Metropolitan News-Enterprise

 

Tuesday, November 23, 2004

 

Page 1

 

Court of Appeal Broadens Malpractice Liability to Non-Clients

 

By KENNETH OFGANG, Staff Writer/Appellate Courts

 

A beneficiary under a will, who could not overcome the presumption against allowing persons with special relationships to the testator to inherit, may have a viable claim against the testator’s attorney, the Sixth District Court of Appeal ruled yesterday.

In what the panel acknowledged was an extension of the concept of malpractice liability to a nonclient, first enunciated in California in Lucas v. Hamm (1961) 56 Cal.2d 583, the court reversed a Monterey Superior Court judge’s dismissal of a malpractice suit against the estate of Saul Weingarten.

Weingarten practiced for more than 50 years, most recently in the Monterey County city of Seaside. He died in February of this year, just prior to the entry of judgment in his favor by the trial court.

Caretaker Named

The plaintiff, Simona Orsonio, was the caretaker for Weingarten’s client, Dora Ellis, who died in May 2002. Eight months earlier, Ellis told Weingarten to prepare a new will naming Osornio as executor and sole beneficiary.

After Ellis’ death, the beneficiary under the prior will petitioned for probate and objected to Osornio’s petition for probate, asserting that Osornio’s bequest was barred by Probate Code Sec. 21350(a)(6). That provision, enacted in 1997, bars the “care custodian” of a dependent adult from receiving a donative transfer from his or her charge except as provided in Sec. 21351.

That section permits the bequest under certain specified conditions, including where the named beneficiary can prove by clear and convincing evidence that the bequest was not procured by fraud, menace, duress, or undue influence. Such a showing is not necessary, however, if an independent attorney engaged by the transferor certified to the transferor in writing that he or she reviewed the transfer and determined that it was not procured by fraud, menace, duress, or undue influence.

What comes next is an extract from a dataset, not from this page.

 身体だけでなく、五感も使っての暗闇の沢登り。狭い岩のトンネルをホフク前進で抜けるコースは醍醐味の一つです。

Osornio alleged in her complaint that Weingarten was negligent in failing “to include a Certificate of Independent Review as required by California Probate Code Section 21350 et seq.” Judge Michael S. Fields sustained Weingarten’s demurrer without leave to amend.

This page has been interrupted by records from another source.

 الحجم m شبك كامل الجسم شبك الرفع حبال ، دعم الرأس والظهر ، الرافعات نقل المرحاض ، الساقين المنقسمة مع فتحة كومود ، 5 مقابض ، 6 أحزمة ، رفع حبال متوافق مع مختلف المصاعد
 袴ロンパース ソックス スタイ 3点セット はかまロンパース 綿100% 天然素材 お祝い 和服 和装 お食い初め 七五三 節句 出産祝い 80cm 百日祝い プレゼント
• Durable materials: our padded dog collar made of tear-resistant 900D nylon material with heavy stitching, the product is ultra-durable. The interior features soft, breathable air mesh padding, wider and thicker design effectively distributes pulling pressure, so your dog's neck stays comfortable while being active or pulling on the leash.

Santa Clara Superior Court Judge Brian Walsh, sitting on the Court of Appeal by assignment, agreed that Osornio failed to state a cause of action, since the Certificate of Independent Review is not a document that is included in a will, but is separate and apart from the will.

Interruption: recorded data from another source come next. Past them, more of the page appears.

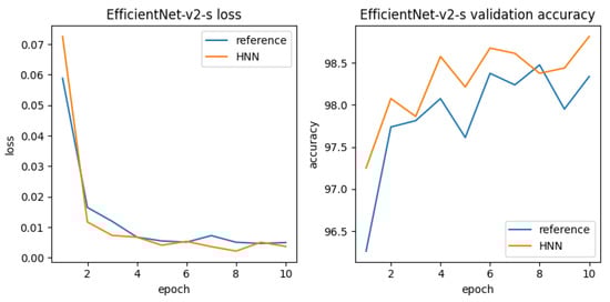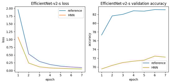 Loss and accuracy of EfficientNet-v2-s HNN and reference on Hurricane Damage dataset.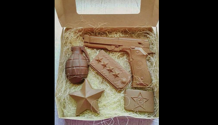 "Оригинальный, веселый и очень вкусный подарок для настоящих мужчин", - заявляют на кондитерской фабрике, выпустившей "уникальный подарок" к Дню Победы.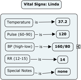 vital signs, Pulse (60-90) is 120, BP (high-low) is 160/80, RR (12-15) is 14, Special Notes is none, Temperature is 37.2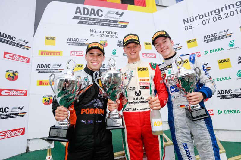 München. Die zweite Saison der ADAC Formel 4 gehört seit dem ersten Oktober-Wochenende nach 24 spannenden Rennen der Vergangenheit an: Joey Mawson (20, Australien, Van Amersfoort Racing) gewann die Fahrerwertung vor Mick Schumacher (17, Deutschland, Prema Powerteam) und Mike David Ortmann (16, Ahrensfelde, ADAC Berlin-Brandenburg e.V.). Den Sieg in der Rookiewertung holte Nicklas Nielsen (19, Dänemark, Neuhauser Racing) vor den Prema-Powerteam-Piloten Juri Vips (16, Estland) und Juan Manuel Correa (17, USA/Ecuador). Den Sieg in der Teamwertung schnappte sich das italienische Prema Powerteam (459,5) im letzten Rennen vor dem niederländischen Team Van Amersfoort Racing (455). Das Team ADAC Berlin-Brandenburg e.V. (356) sicherte sich knapp Rang drei vor dem Kerpener Rennstall US Racing (351) von Gerhard Ungar und Ex-Formel-1-Pilot Ralf Schumacher.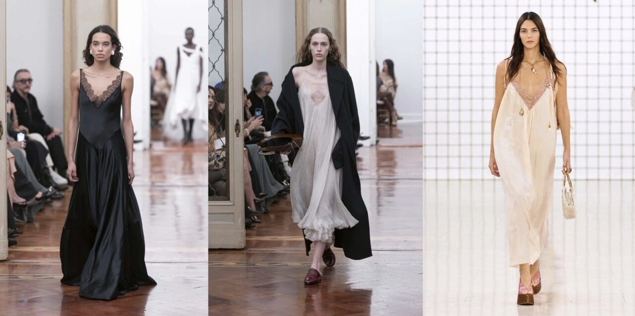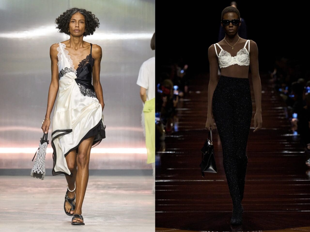 Boudoir可以是一個服裝種類,也能是風格元素。2025春夏時裝騷中,3.1Phillip Lim和Balenciaga分別設計了黑白拼色的緞面而且有喱士裝飾邊的造型,簡約拼色為造型增加一點型格和復古味道,同時保留內衣的私密感。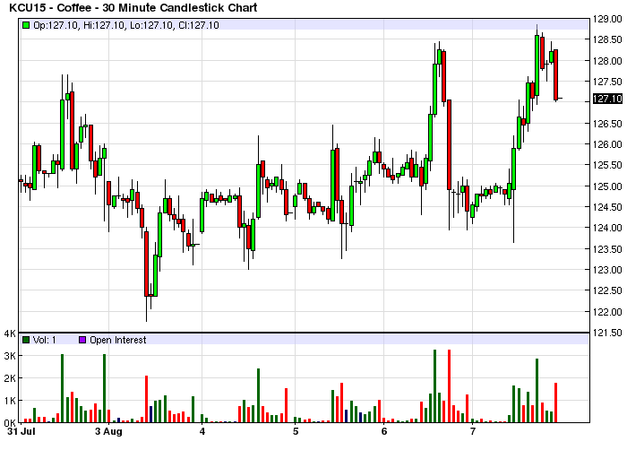 Giá cà phê Arabica giao tháng 9 tăng 3,55 cent hay 2,86%, đạt mức 127,80 cent/lb trên sàn ICE Futures US, thiết lập mức tăng giá trong một phiên lớn nhất kể từ ngày 20/7/2015. Trong khi đó, giá cà phê Robusta giao tháng 9 tăng 1,28% đạt mức 1661 USD/tấn.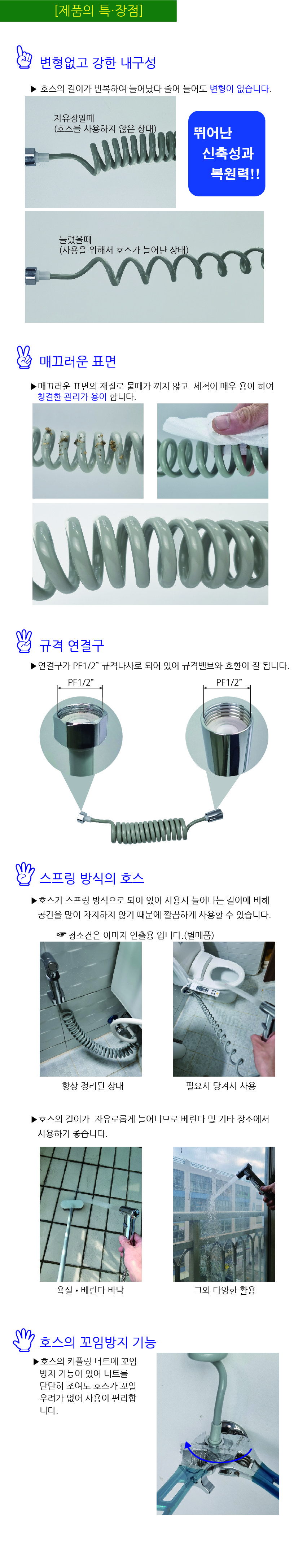 | 품명 및 모델명 | 샬럿11 욕실,베란다 청소 꼬임 방지 스프링 코일 호스 3m | 인증/허가 사항 | 해당없음 |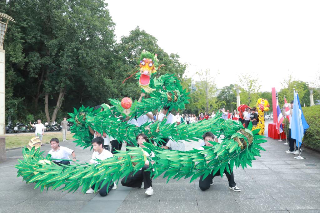 本届文化节以“四秩同心,‘德’伴同行”为主题,旨在庆祝学校中德合作四十周年,搭建文明互鉴之桥。开幕式上,威武雄健的醒狮表演与安吉校区非遗竹龙的灵动游走相映成趣,充分展现了中华传统文化的魅力与活力。国际学生带来的双人对唱、摩洛哥合唱与风情舞蹈串烧等节目轮番上演,将现场气氛推向高潮。在庄重的旗帜入场仪式上,127面生源国及社团旗帜汇聚成多彩的海洋。来自德国、越南等60多个国家(地区)的学生代表手持国旗依次登台。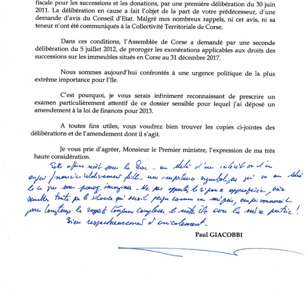 1. la prise en considération des conséquences dommageables qu’aura le retour progressif au droit commun fiscal applicable aux successions comportant des biens et droits immobiliers, planifié par la loi du 22 janvier 2002 entre le 1er janvier 2013 et le 31 décembre 2017 : en n’instituant qu’un seul palier entre l’exonération totale et la taxation à taux plein, ainsi qu’en faisant passer en une seule fois de vingt-quatre à six mois le délai de déclaration des successions, il met en cause le principe d’égalité qui aurait dû conduire à mettre en place une progressivité extrêmement lissée ; durant la période transitoire et a fortiori à compter du 1er janvier 2018, s’il épargnera en partie les héritages modestes et moyens en ligne directe, il pénalisera lourdement tous les héritages en ligne collatérale, proportionnellement plus nombreux en Corse que sur le continent, ce qui entraînera inévitablement l’aliénation de la très grande majorité des biens reçus ; l’importance des droits à payer, assortie à la disparition des incitations fiscales et aggravée par l’absence d’alignement du régime des donations entre vifs sur celui des successions, aura également un effet dissuasif à l’égard d’héritiers recevant des biens dépourvus de titres de propriété et indivis, et les incitera soit à conserver ces biens dans l’indivision, soit à les aliéner ; ainsi, il ne pourra que constituer un facteur d’aggravation de la crise foncière ;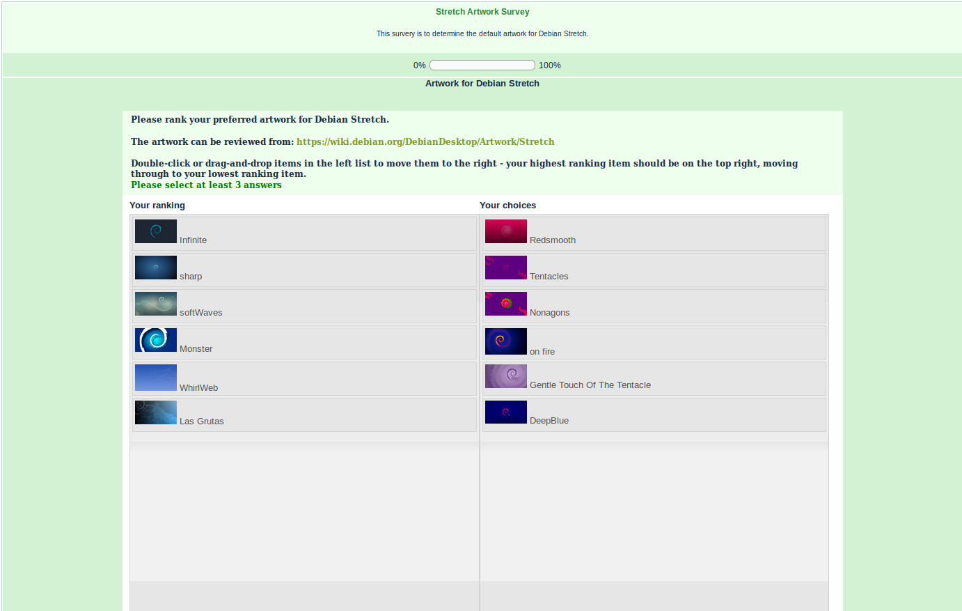 Clicando aqui você poderá votar e escolher o tema de desktop que mais lhe agradar para o Debian GNU/Linux 9 Stretch.

But the jurist also concluded that the plaintiff should be able to state a cause of action by amendment, alleging that Weingarten negligently failed to refer Ellis to an independent attorney or to advise her of the presumptive disqualification.

California, Walsh explained, does not strictly follow the historic requirement that a victim of attorney negligence must be in privity with the attorney in order to sue. Rather, under Lucas and other cases, an attorney may owe a duty to the intended beneficiary of the action the client retains the attorney to take.

Six Factors

Under Lucas, Walsh noted, there are six factors a court must look to in determining whether imposition of a duty to a nonclient is supported by public policy. They include whether the transaction was intended to affect the plaintiff, whether harm to the plaintiff was foreseeable, the degree of certainty of the plaintiff’s injury, the closeness between the defendant’s conduct and the plaintiff’s injury, the extent to which imposing liability is likely to deter future harm, and the extent of the burden that a finding of duty will place on the legal profession.

Application of those factors to Osornio’s case supports remanding the case to allow her to sue, Walsh concluded. Were the court to rule otherwise, he wrote, “no one would be left to enforce the testator’s right to be effectively represented.”

The case is Osornio v. Weingarten, 04 S.O.S. 6071.